Cloud computing is regarded as a revolution in enterprise application deployment and software configuration. Traditional software sales model requires users to purchase, deploy, use, and maintain software permanently. However, this puts high requirements on users’ technical experience and initial costs. At the same time, software also needs to be regularly updated and maintained, which increases users’ investment in manpower and material resources.

Internet, through Web services, provides enterprises and individuals with an innovative business model and flexible calculation modes. With the emergence of software as a service (SaaS), applications are moving away from PC-based or ownership-based programs to Web delivered-hosted services [1]. The software services are provisioned on a pay-as-you-go basis to overcome the limitation of the traditional software sales model. Due to its flexibility, scalability, and cost-effectiveness, SaaS model has been increasingly adopted for distributing enterprise software systems, such as banking and e-commerce business software [2, 3]. The number of SaaS services is available in the markets such as Twitter, Gmail, Saleforce.com, and Google Maps to configure SaaS-based Web service systems.

To use cloud computer server facility, it is much faster, more reliable solution than private client-server model (c/s).
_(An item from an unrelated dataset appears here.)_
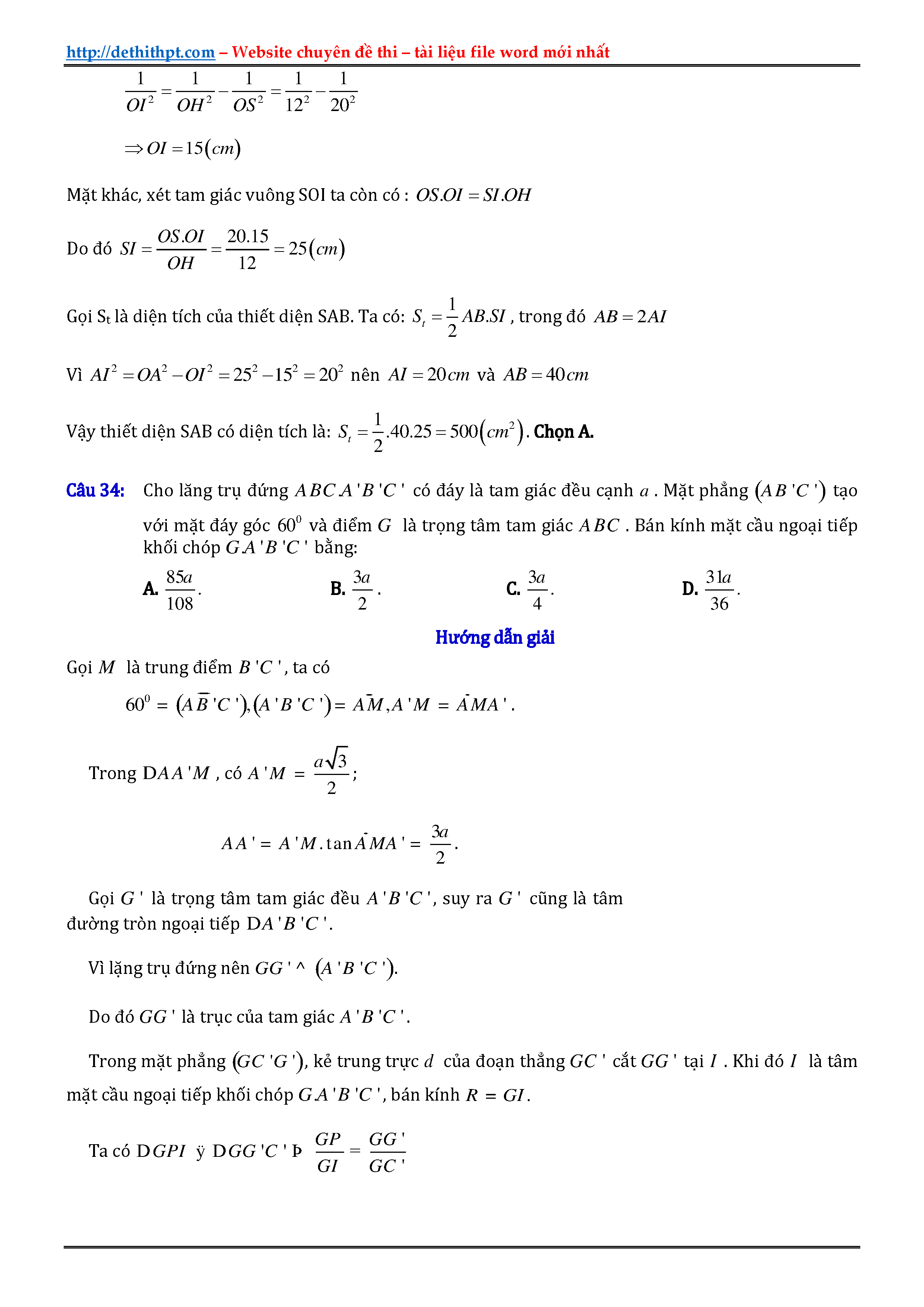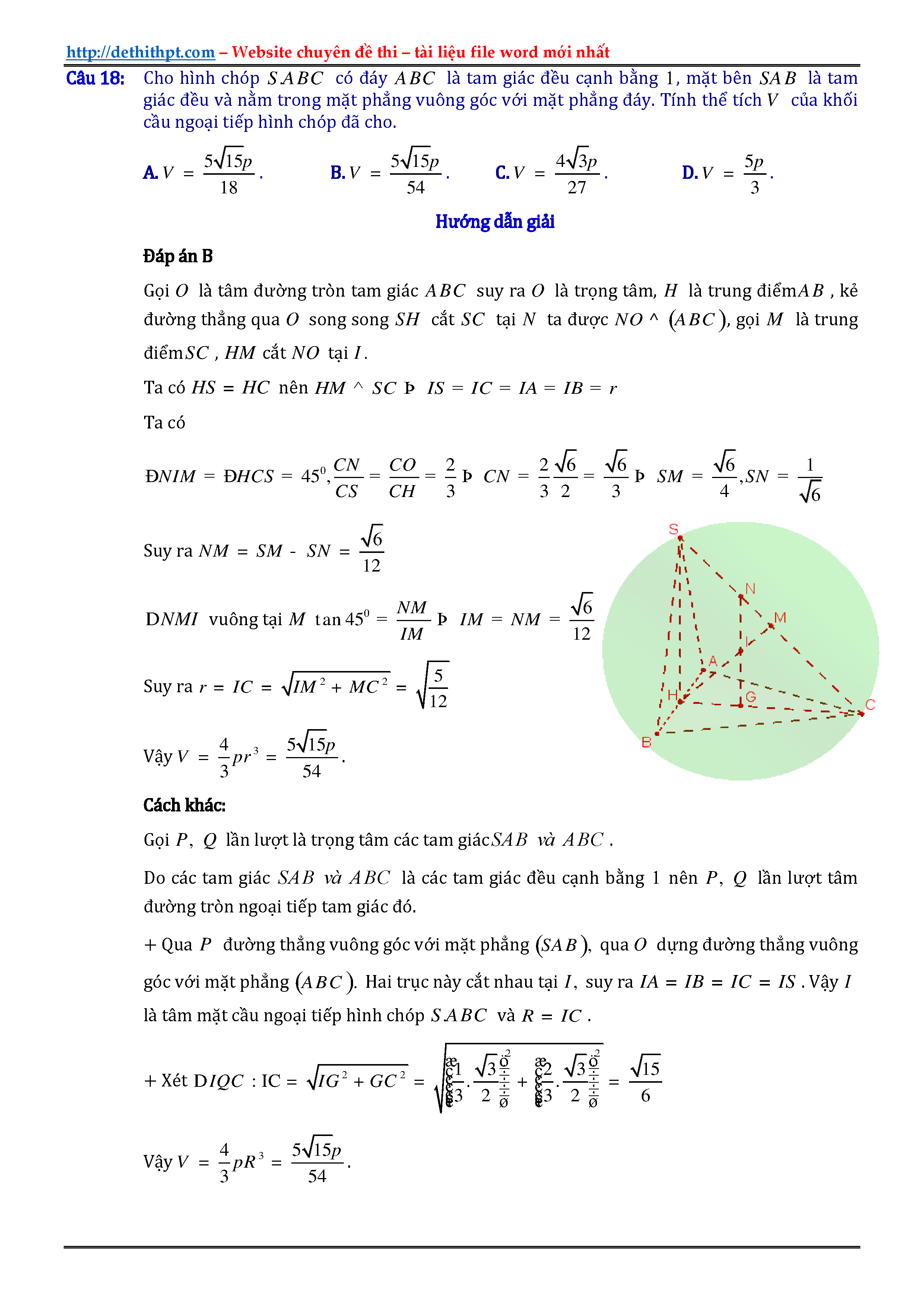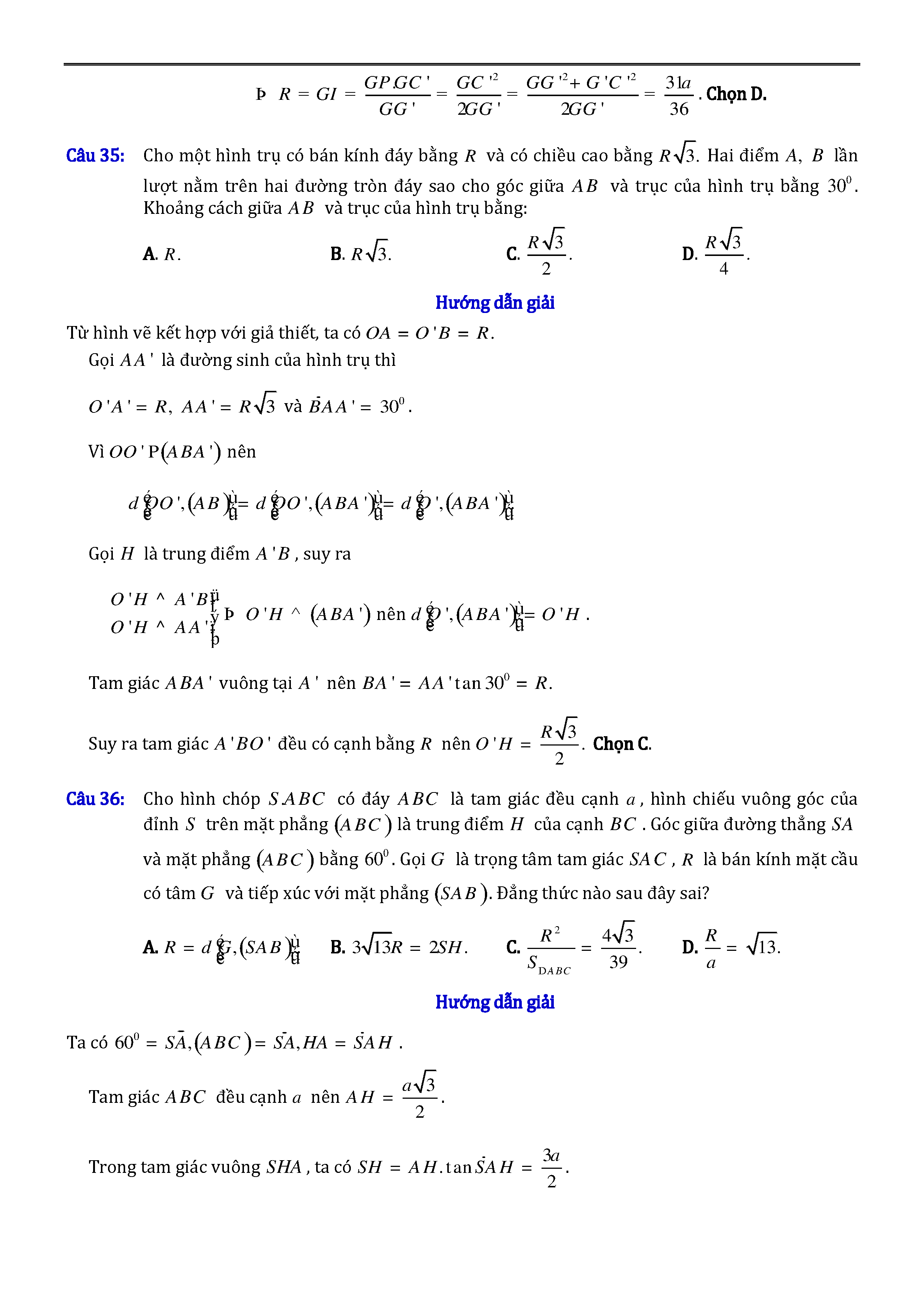 BÀI TOÁN VẬN DỤNG CAO CHỦ ĐỀ 5: HÌNH HỌC KHÔNG GIAN (PHẦN 8)

This is the biggest factor to use cloud computer server and run SaaS today [4]. SaaS is also involving PaaS and IaaS. But there are several issues to achieving these requirements, scalable, configurable, multi-tenant-efficient SaaS model. To meet these requirements, SaaS infrastructure is required to have scale-out architecture with data interoperable function without any data contamination. It also needs short latency of time service because Web service is online and follows the remote client-server model. If service response time does not meet these timeliness requirements, users will not use SaaS application services again.

In addition, Web-based applications also need more intensive I/O access, putting higher requirements on I/O performance. To meet this requirement, we are facing issues of how to create effectiveness for the total computer system with amount of data and how to reduce computer facilities in data center. To do this, available memory space is the big performance factor. If memory space on server is insufficient, guest OS and application programs will be flushing between memory and storage. Once VMM server encounters this situation, the VMM environment would become very slow [4]. Wilhelm et al. [5] prove that rationally using caching technologies is necessary and important for reducing worst-case execution times (WCETs) and improving system performance.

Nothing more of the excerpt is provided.